Elizabeth Greer Coit (January 10, 1820 – May 29, 1901) was a prominent Ohio suffragist and humanitarian, who founded Columbus' first women's suffrage organization and was its inaugural President.

== Early life ==
Elizabeth Greer was born in Worthington, Ohio on January 10, 1820, the fourth daughter of Belfast natives Joseph and Nancy Agnes Greer. Following the death of Joseph Greer in 1829, Greer's mother supported the family by taking on a number of jobs, including laundry, nursing, and serving meals for local medical students.

Elizabeth was educated in the female seminary in Worthington, and following her graduation was engaged as a teacher there, learning much from its Principal Miss Sereptu Marsh. She held the position until her marriage, on April 15, 1844, to Harvey Coit, of Columbus, Ohio. The couple had eight children, including Ethical Culture leader and founder of the American settlement house movement Stanton Coit, upon whom Elizabeth was a significant influence. Another child, Belle Coit Kelton also became a prominent suffragist.

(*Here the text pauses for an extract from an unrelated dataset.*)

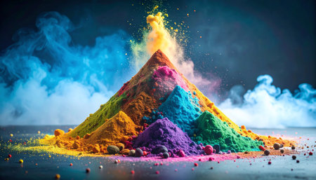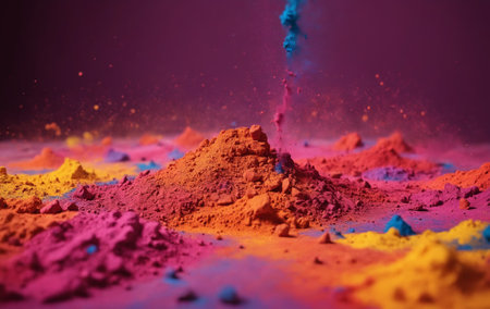 vibrant colored smoke clouds erupting from piles of powder concept of art design celebration

During the American Civil War, Coit served on the Sanitary Commission, working to improve cleanliness and increase access to medical care at military camps. She co-founded, and was involved in drafting the constitution of, the Soldiers' Aid Society, and remained closely involved with the Society for three years, advocating widely on behalf of sick and wounded soldiers.

== Suffrage ==
Coit was an active figure in Ohio's suffrage and temperance movements.
On June 18, 1884, Elizabeth and her daughter, Belle, attended a conference of the Ohio Woman Suffrage Association. The Ohio State Journal belittled the conference, reporting it under the headline 'Female Frivolities.' Inspired, on June 24, she founded the first women's suffrage organization in Columbus: the Columbus Equal Rights Association. She acted as its president, and became treasurer of the Ohio Woman Suffrage Association. Coit played a significant part in driving and strengthening the OWSA, which met annually from 1884 to 1920, when it was dissolved and reformed as the Ohio League of Women Voters. She hosted many notable American suffragists and campaigners, including Mary Livermore, Susan B. Anthony, Frances Willard, and Lucy Stone.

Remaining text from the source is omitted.